- **RECORD EXCERPTS**
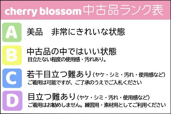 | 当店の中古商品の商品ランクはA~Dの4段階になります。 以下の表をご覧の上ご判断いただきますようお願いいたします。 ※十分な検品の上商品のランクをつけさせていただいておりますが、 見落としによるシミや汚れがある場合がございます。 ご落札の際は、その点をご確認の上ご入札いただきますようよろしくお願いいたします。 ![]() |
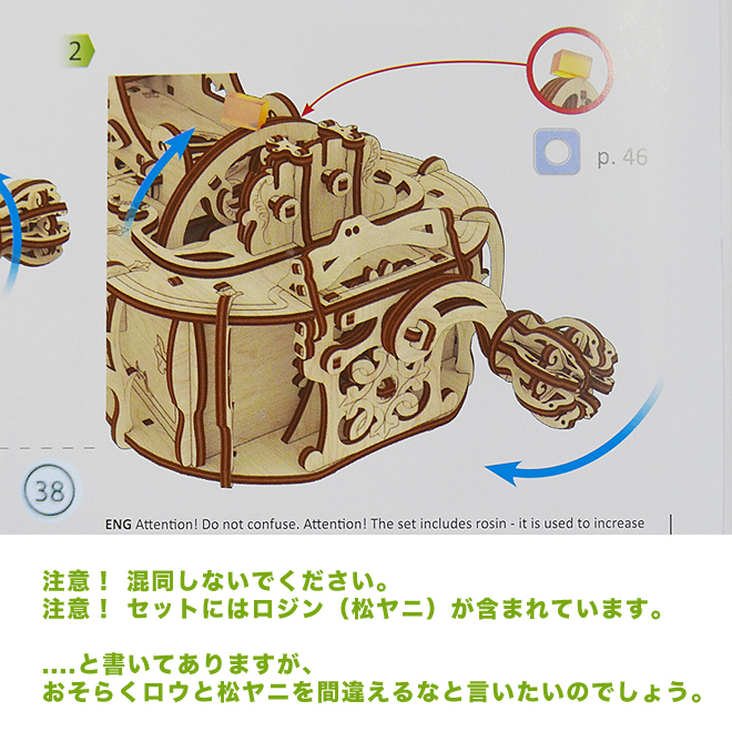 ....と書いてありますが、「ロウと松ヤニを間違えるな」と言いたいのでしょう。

* * *

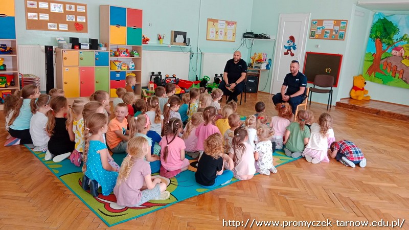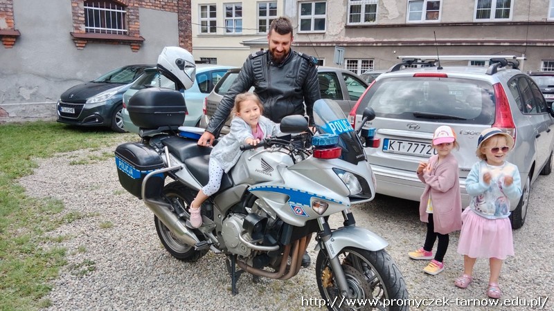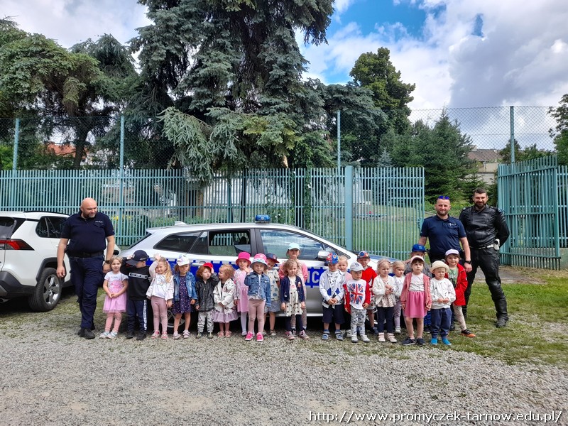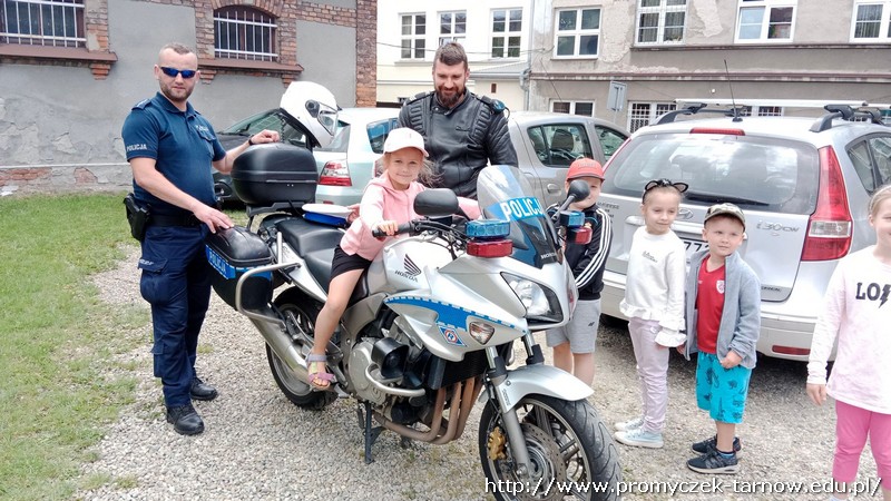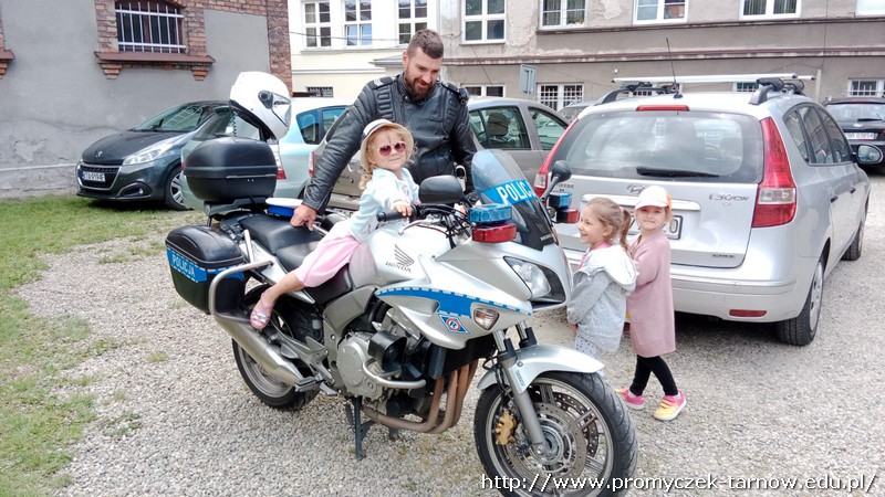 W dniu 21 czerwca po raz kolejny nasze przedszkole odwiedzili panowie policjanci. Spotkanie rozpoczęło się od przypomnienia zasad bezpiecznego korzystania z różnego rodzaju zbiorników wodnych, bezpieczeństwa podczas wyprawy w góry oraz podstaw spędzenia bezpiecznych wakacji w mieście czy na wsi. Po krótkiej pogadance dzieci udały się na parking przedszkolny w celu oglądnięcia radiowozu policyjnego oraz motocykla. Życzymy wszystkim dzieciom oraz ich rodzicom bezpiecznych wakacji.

* * *

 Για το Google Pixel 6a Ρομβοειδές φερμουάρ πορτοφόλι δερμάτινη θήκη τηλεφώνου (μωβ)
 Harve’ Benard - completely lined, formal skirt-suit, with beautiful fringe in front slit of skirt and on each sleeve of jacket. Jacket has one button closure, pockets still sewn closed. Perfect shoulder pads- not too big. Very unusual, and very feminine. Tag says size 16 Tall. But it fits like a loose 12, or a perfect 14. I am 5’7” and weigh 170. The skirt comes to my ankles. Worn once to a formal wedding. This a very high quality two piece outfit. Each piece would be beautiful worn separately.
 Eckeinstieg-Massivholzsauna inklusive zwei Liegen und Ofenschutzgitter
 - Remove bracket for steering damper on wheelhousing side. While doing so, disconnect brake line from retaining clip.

- **WORK INSTRUCTIONS**
From the records above, print exactly the lines that run from the line with "Για το Google" to the line with "- Remove bracket", inclusive.

- **OUTPUT OF THE EXERCISE**
 Για το Google Pixel 6a Ρομβοειδές φερμουάρ πορτοφόλι δερμάτινη θήκη τηλεφώνου (μωβ)
 Harve’ Benard - completely lined, formal skirt-suit, with beautiful fringe in front slit of skirt and on each sleeve of jacket. Jacket has one button closure, pockets still sewn closed. Perfect shoulder pads- not too big. Very unusual, and very feminine. Tag says size 16 Tall. But it fits like a loose 12, or a perfect 14. I am 5’7” and weigh 170. The skirt comes to my ankles. Worn once to a formal wedding. This a very high quality two piece outfit. Each piece would be beautiful worn separately.
 Eckeinstieg-Massivholzsauna inklusive zwei Liegen und Ofenschutzgitter
 - Remove bracket for steering damper on wheelhousing side. While doing so, disconnect brake line from retaining clip.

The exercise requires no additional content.